15 “My narcissistic mother only calls me when she wants something”
Narcissistic parents may only reach out to their adult children when it serves them best.
Of course, when the roles are reversed, and you need their support, they are nowhere to be found or are only available if it meets their needs.
When they do reach out, it is often because they are in some kind of crisis or need a lot of attention.
16 “My mother has no friends”
If your narcissistic mother doesn’t have any friends, it is because narcissistic people tend to struggle with Their friendships.
Family members often feel obligated to stay in touch, but friends are more likely to come and go.
If your mother has long-term friends, the relationships are likely to be superficial and shallow.
She may also consciously choose empathetic people or other overly caring friends who can enable her narcissistic traits.
17 “My mother sees me as an extension of her!”
It’s normal for parents to sometimes disagree with the way their children live their lives or feel disappointed by some of the choices they make.
But a narcissistic parent takes this to another level. Your mother may condemn anything you do that falls outside of her ideal.
Because she always believes her way is the right way, she can’t imagine why anyone else would do anything differently.
18 “My narcissistic mother turns everything into a lecture”
Many narcissists love the opportunity to talk about themselves or their life values.
Even when they’re not asked for it, they enjoy giving advice or telling others what to do.
So, if you turn to her for emotional support, there’s a good chance she’ll turn it into a long lecture that leaves no room for your opinion or needs.
19 “My narcissistic mother ignores boundaries”
Narcissists don’t understand the need for boundaries.

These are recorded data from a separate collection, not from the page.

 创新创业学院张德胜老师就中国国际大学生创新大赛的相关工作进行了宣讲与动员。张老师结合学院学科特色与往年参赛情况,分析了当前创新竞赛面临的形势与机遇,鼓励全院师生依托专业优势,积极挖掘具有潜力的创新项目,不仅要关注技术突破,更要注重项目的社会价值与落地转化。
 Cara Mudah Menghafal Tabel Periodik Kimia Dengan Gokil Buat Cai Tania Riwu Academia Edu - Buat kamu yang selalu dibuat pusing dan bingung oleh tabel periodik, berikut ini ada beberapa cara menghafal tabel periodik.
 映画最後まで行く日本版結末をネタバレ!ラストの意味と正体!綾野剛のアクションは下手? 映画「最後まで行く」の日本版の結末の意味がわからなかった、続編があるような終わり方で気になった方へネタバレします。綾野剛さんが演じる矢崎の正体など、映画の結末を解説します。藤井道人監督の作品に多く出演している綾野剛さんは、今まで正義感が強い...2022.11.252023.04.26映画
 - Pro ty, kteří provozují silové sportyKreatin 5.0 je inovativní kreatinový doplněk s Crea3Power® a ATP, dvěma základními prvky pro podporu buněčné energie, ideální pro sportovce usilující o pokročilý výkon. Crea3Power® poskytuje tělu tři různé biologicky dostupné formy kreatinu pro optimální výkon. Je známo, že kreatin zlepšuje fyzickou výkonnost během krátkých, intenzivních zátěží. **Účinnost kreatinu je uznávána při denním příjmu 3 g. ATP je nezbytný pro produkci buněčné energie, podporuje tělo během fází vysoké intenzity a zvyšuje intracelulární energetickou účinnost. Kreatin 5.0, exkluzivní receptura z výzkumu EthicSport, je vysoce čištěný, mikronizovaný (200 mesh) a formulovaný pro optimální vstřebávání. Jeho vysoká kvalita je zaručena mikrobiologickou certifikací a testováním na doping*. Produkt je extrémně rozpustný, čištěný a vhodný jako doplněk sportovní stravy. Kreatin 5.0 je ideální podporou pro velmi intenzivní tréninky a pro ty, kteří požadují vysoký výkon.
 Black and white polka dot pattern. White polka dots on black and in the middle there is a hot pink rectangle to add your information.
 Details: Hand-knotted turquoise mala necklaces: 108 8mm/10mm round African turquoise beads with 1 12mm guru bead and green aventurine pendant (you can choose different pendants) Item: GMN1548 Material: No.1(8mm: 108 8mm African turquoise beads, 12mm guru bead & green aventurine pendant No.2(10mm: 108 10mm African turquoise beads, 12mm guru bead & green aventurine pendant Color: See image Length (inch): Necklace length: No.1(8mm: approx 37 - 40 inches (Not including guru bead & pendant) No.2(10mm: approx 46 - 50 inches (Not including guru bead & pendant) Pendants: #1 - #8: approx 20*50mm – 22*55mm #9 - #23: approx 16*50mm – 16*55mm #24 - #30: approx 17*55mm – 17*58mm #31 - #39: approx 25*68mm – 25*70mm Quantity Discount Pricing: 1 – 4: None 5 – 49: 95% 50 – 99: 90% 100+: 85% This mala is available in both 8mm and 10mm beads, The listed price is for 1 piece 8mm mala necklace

Often, they see those boundaries as a personal attack.
As a result, children of narcissists struggle to set boundaries (because they’ve never been trained to set healthy boundaries).
Or when they do set boundaries, their mothers react with anger, denial, or complete disregard.
20 “My mother’s moods change so quickly”
Ask yourself, “Why is my mom so sweet one moment and mean the next?”
If your mom was a narcissist, you grew up never knowing what kind of mood your mom would be in.
One moment, she might seem happy and loving. But the next, she might be sad, moody, or frustrated.
Some of the triggers that triggered her were constant, but at other times, they seemed random and sudden.
As an adult, you still struggle to track her moods or know what she needs at any given moment.